The bridging of online and offline retail, which has become the holy grail of 21st Century luxury retail, is taking another baby step forward. Farfetch is developing new technology that allows customers to flag a wish list of items via their phones when they stroll into a store, or even tell assistants that they do not want to be approached whilst shopping. The marketplace giant, which acquired iconic London multi-brand retailer Browns in 2015, is currently trialling the technology and plans to roll it out to select retail partners soon.
2018 has started with a bang for mergers and acquisitions, with a number of large scale transactions being announced. Richemont launched an offer to acquire the shares in Yoox Net-A-Porter that it didn't own — the terms of the deal valuing YNAP as a whole at 5.3 billion euros (about $6.5 billion). Kering announced its intention to spin off 70 percent of German sportswear giant Puma to its shareholders, with the group retaining 16 percent. There were also rumours that the luxury conglomerate was considering a split with Stella McCartney, with the designer buying back the group's 50 percent stake. In health and beauty, a tweet by India-based Patanjali Ayurveda's spokesperson revealed that L Catterton was willing to invest $500 million in the well-being brand.
Hedi Slimane has returned to the LVMH fold as creative and image director of Céline.

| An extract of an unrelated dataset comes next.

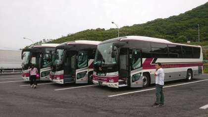 最終の休憩場所の室津に予定通りの時間で到着しました。子どもたちはバスではしゃぎすぎてお腹がすいたみたいです。補食としてパンとジュースが配られました。配られたらすぐに頬張ってます。すごい食欲です。
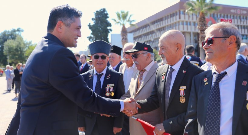 Saygı duruşunda bulunulması ve İstiklal Marşı’nın okunmasının ardından günün anlam ve önemini belirten konuşmayı Kıbrıs Gazisi İslam Doğan Kılıç yaptı. Kılıç konuşmasında şunları söyledi: “Tarihin her döneminde, bağımsızlığını ve istikbalini canı pahasına kollayan aziz milletimiz, bu uğurda şehit ve gazi olmayı büyük bir onur ve gurur kaynağı saymıştır. Aziz milletimizin Anadolu toprakları üzerinde verdiği var oluş mücadelesinin şifresi, ölürseniz şehit, kalırsanız gazi şeklindedir. Şanlı ve şerefli Türk Ordusu, dün olduğu gibi bugün de yarın da vatanımızın bütünlüğünün sigortasıdır. Hiç düşünmeden, geriye bakmadan, vatan, millet ve bayrak için emperyalist güçlerin topyekün saldırılarına karşı mücadele ederek bize bu cennet vatanı emanet eden şehitlerimizi, Gazi Mustafa Kemal Atatürk ve silah arkadaşlarını, ebediyete intikal eden tüm gazi arkadaşlarımızı gaziler günü münasebetiyle rahmetle anıyor, hayatta olan gazilerimize sağlık ve mutluluklar diliyorum. Savaş meydanlarında canlarını ortaya koyan, kahraman gazilerimizin şeref ve kahramanlık günüdür bugün. Gaziler günümüz kutlu olsun”

Hedi will spearhead the brand's extension into menswear, fragrances and couture, with the goal to double the brand's sales to €2 billion within the next few years. Elsewhere within the LVMH group, Kim Jones announced his departure as menswear designer of Louis Vuitton, fuelling speculation that he might move to Versace or to Burberry.
- Prada gained almost 13 percent this month on the back of an improved trading environment in China, where the group has a strong presence.

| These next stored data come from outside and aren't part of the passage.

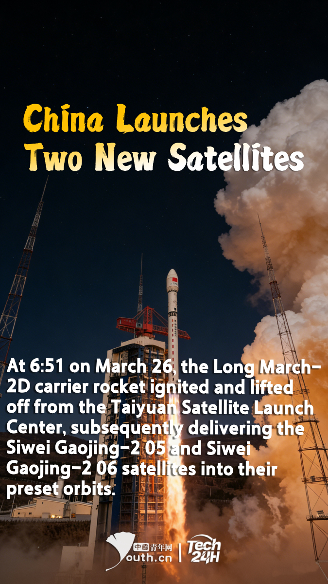 【#Tech24H】At 6:51 on March 26, the Long March-2D carrier rocket ignited and lifted off from the Taiyuan Satellite Launch Center, subsequently delivering the Siwei Gaojing-2 05 and Siwei Gaojing-2 06 satellites into their preset orbits. The launch mission was a complete success. After entering orbits, the satellites will form a coordinated "four-satellite, two-group" network with the already in-orbit Siwei Gaojing-2 03 and Siwei Gaojing-2 04 satellites. This will significantly enhance imaging capabilities, double data acquisition capacity, and halve the revisit period, enabling faster and denser global observation coverage. This effectively supports the establishment of a high-precision global geographic information framework and provides high-quality, efficient, stable, and accurate spatiotemporal information services for national economic development and the construction of a Digital China.
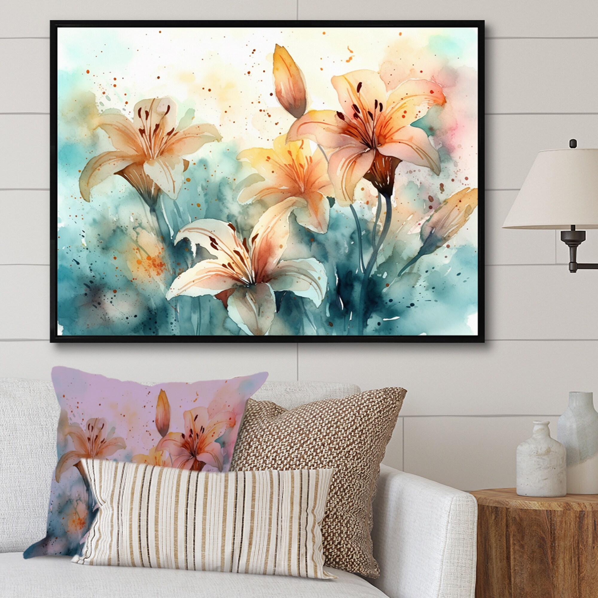 Designart "Orange Lily Symphony Ii" Floral Lily Framed Canvas Print
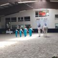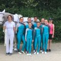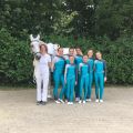 Mit der Pflicht war das L-Team echt zufrieden. Fast alle sind gestanden. Leider hatte danach Amelies Rücken ihr Schmerzen bereitet worauf sie gemeinsam mit den Richtern entschieden, dass sie in der Kür nicht mitstarten wird. Daraufhin mussten sie die Kür noch etwas umbauen. Sina machte den letzten Dreierblock und und Veronica machte zusätzlich noch einen Rückwertsstehen. Leider sprang sie bei ihrem zweiten Block gegen den Griff woraufhin sie nicht mehr aufs Pferd ging um sich nicht noch mehr zu verletzen. Aufgrund dieser Entscheidung fielen zwei schöne Übungen von Lotta weg, die sie dann improvisiert zeigen musste. Romeo lief aber ganz gut und wollte nur ab und zu etwas traben aber er hat zur Abwechslung einmal nicht versucht zu buckeln.

- Ralph Lauren's share price was boosted by broker upgrades in anticipation of its quarterly results announcement, due in February. The stock gained 10 percent in January.
- Swatch's strong sales performance in 2017 and confident outlook for 2018 pushed the Swiss watch group's share price up 7 percent this month.
- Burberry and Mulberry were hit hard by the further unfolding of Brexit. Both companies saw a reversal of fortunes in their domestic market as the impact of a lower pound wore off and bargain-hunting tourists eschewed the UK for deals in other markets. Burberry lost 12 percent of its value whilst Mulberry lost 6 percent of its value in January.
- Safilo had its worst trading day in a year at the end of January, losing 7 percent of its value after yet another disappointing set of results. The company's loss of the Gucci eyewear license contributed to a halving of its projected EBITDA for 2017. Nevertheless, overall monthly performance of the stock in January was only slightly negative.
What to watch
We are getting some indications of what to watch in 2018 from the incoming string of results announcements. Overall optimism for the current year is being tempered by caution over currency movements, with the euro already appreciating against the dollar. Tensions in the Middle East and in Korea are also on companies' watch list. Nevertheless, China is back in the game and has seen the emergence of millennials as the driving force of a 20 percent growth in luxury sales in 2017. Millennials are more likely to shop from their smartphones and appear more interested in fashion (especially the fast-growing luxury streetwear segment). Saint Laurent has teamed up with JD.com to launch an online presence in China; we should expect more of this to come in 2018.
Editor's Note: This article was revised on 7 February, 2018. A previous version of this article misstated that Richemont launched an offer to acquire the shares in Yoox Net-A-Porter that it didn't own, valuing the recently merged entity at £3 billion. The £3 billion corresponds to the amount of shares that Richemont has offered to buy, which is just over half of YNAP. This means that the offer should value the company at more or less the double of that.